Question

A 1.000-mL aliquot of a solution containing Cu2 and Ni2 is treated with 25.00 mL of a 0.05832 M EDTA solution. The solution is then back titrated with 0.02380 M Zn2 solution at a pH of 5. A volume of 18.49 mL of the Zn2 solution was needed to reach the xylenol orange end point. A 2.000-mL aliquot of the Cu2 and Ni2 solution is fed through an ion-exchange column that retains Ni2 . The Cu2 that passed through the column is treated with 25.00 mL 0.05832 M EDTA. This solution required 23.22 mL of 0.02380 M Zn2 for back titration. The Ni2 extracted from the column was treated witn 25.00 mL of 0.05832 M EDTA.

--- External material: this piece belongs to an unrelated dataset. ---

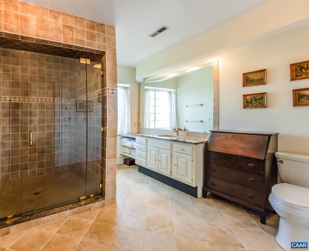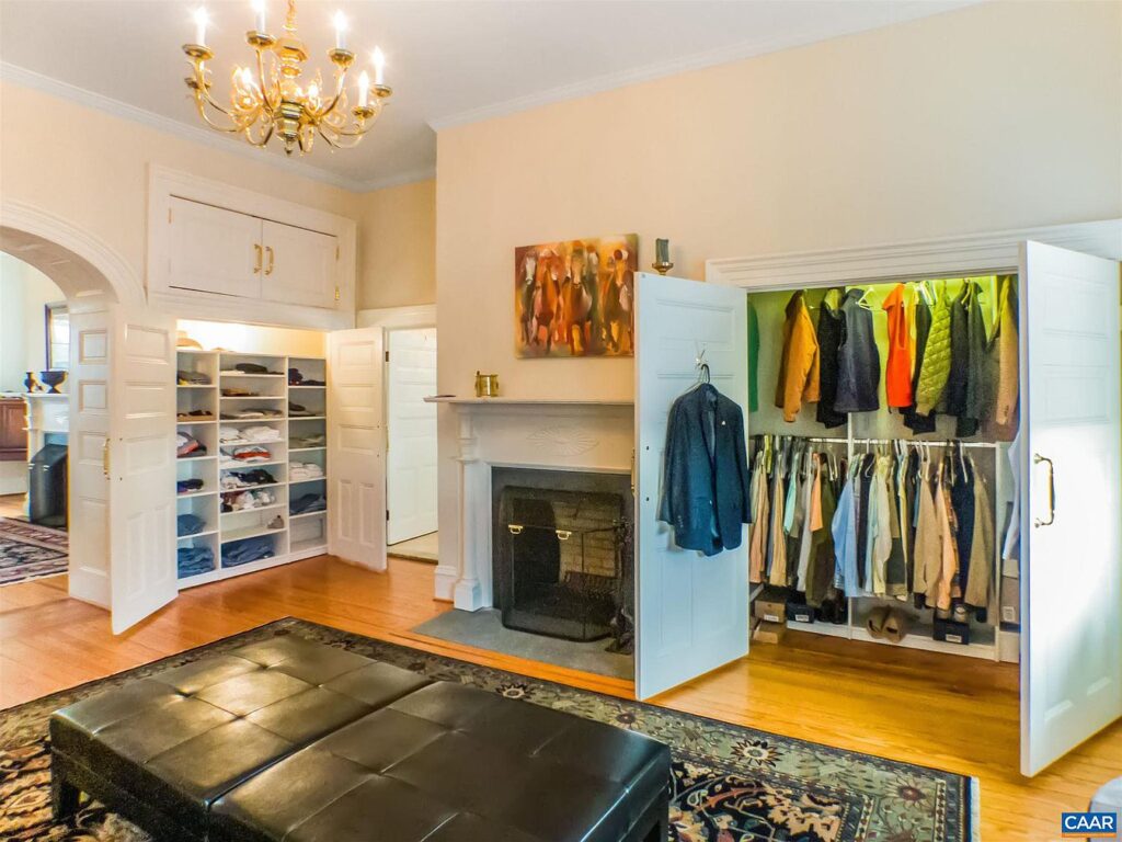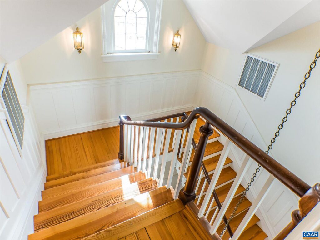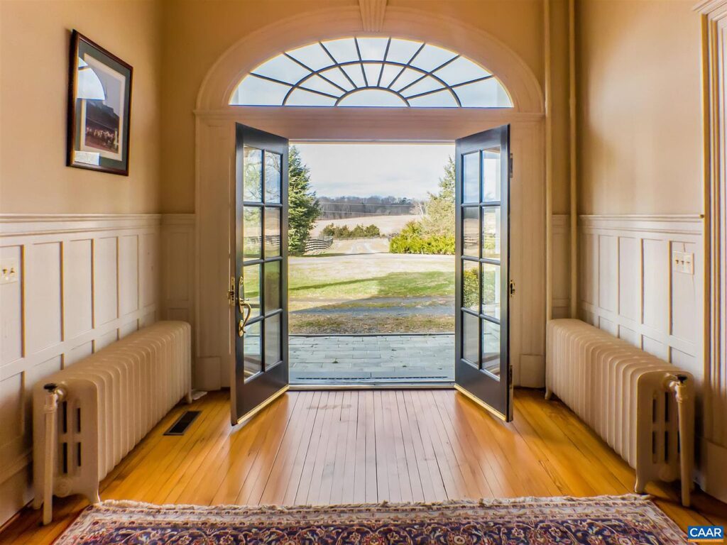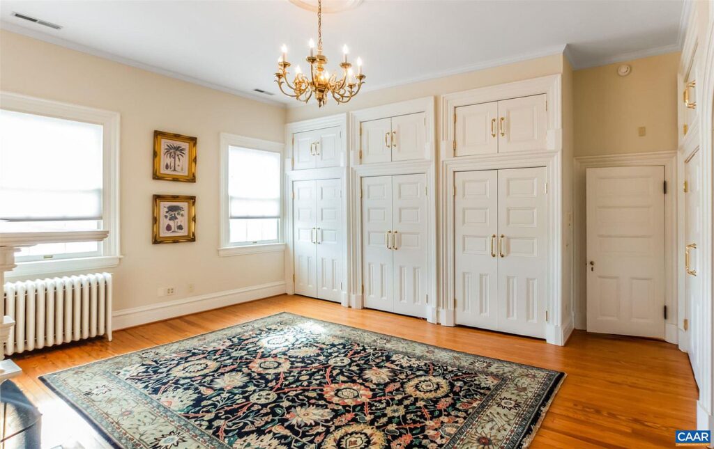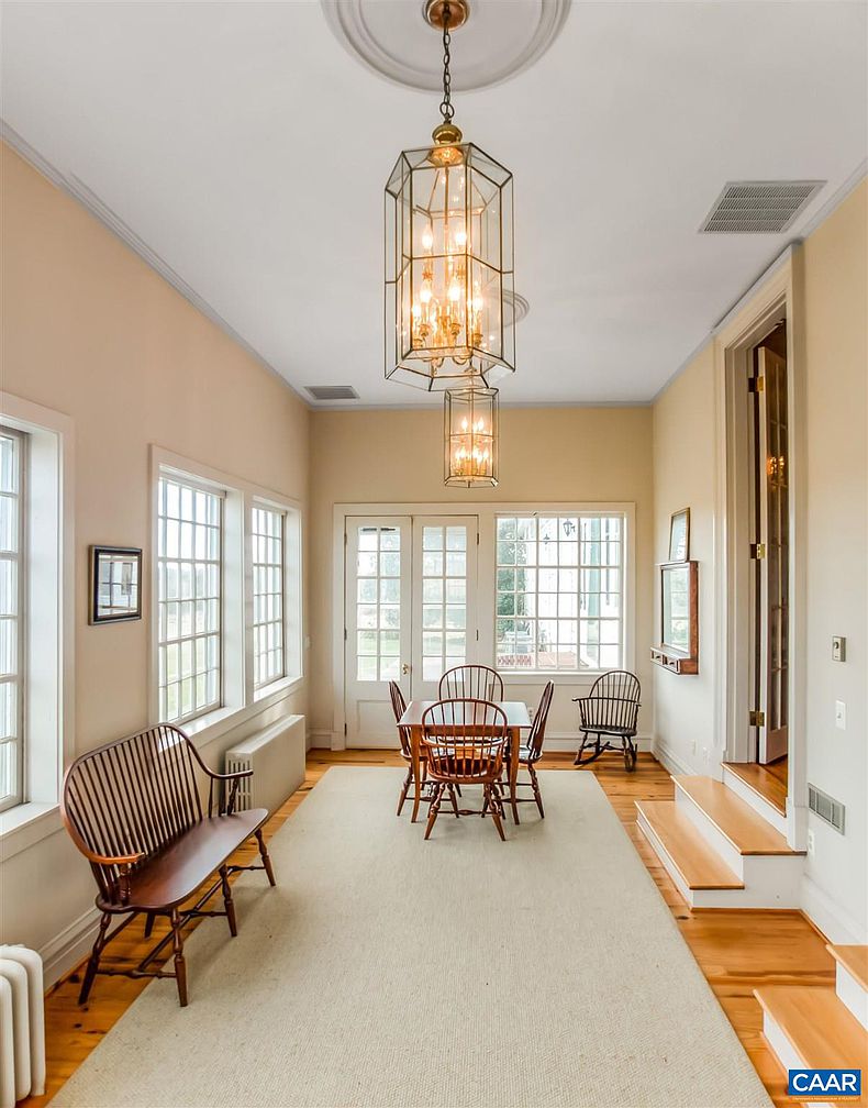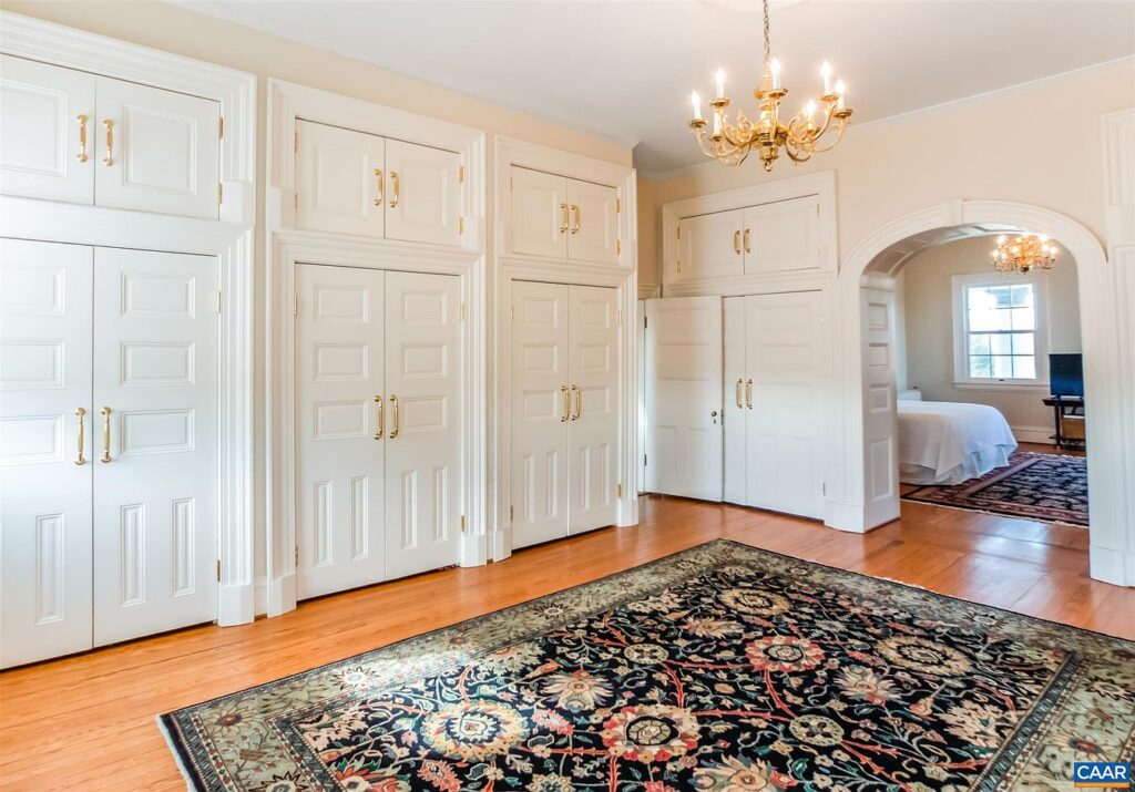 Among its most striking features is the grand staircase, a centerpiece of the entrance, and the dramatic double front doors. The home is completed by a covered front porch and a balcony, offering serene spots to enjoy the surroundings. Perhaps the most unique feature is the widow’s walk, which provides unobstructed, sweeping views of the picturesque Virginia countryside and the sprawling estate below. With four bedrooms and five well-appointed bathrooms, the residence effortlessly combines historic charm with modern functionality.

How many milliliters of 0.02380 M Zn2 is required for the back titration of the Ni2 solution?

Answer 1

Step 1 :

Total moles of EDTA used for Cu2 and Ni2 titration = 005832 x 0.025 = 1.458 x 10^-3 mols

moles of Zn2 reacted with excess EDTA = 0.02380 x 0.01849 = 4.40 x 10^-4 mols

Actual moles of EDTA reacted with Cu2 and Ni2 = 1.458 x 10^-3 - 4.40 x 10^-4 = 1.018 x 10^-3 mols

Concentration of Cu2 and Ni2 in original solution = 1.018 x 10^-3/0.001 = 1.018 M

Step 2 :

Total moles of EDTA used ed for Cu2 = 0.05832 x 0.025 = 1.458 x 10^-3 mols

moles of Zn2 required for excess EDTA = 0.02380 x 0.02322 = 5.53 x 10^-4 mols

Actual moles of EDTA used for Cu2 = 9.05 x 10^-4 mols

molarity of Cu2 in 2 ml solution = 9.05 x 10^-4/0.002 = 0.4525 M

Step 3 :

Molarity of Ni2 in solution = 1.018 - 0.4525 = 0.5655 M

Step 4 :

EDTA used for Ni2 titration = 0.05832 x 0.025 = 1.458 x 10^-3 mols

moles of Ni2 in solution = 0.5655 x 0.002 = 1.131 x 10^-3 mols

moles of Excess EDTA = 1.458 x 10^-3 - 1.131 x 10^-3 = 3.27 x 10^-4 mols

Volume of Zn2 required to titrate excess EDTA = 3.27 x 10^-4/0.02380 = 0.01374 L = 13.74 ml

Thus we need 13.74 ml of 0.02380 M Zn2 for back titration.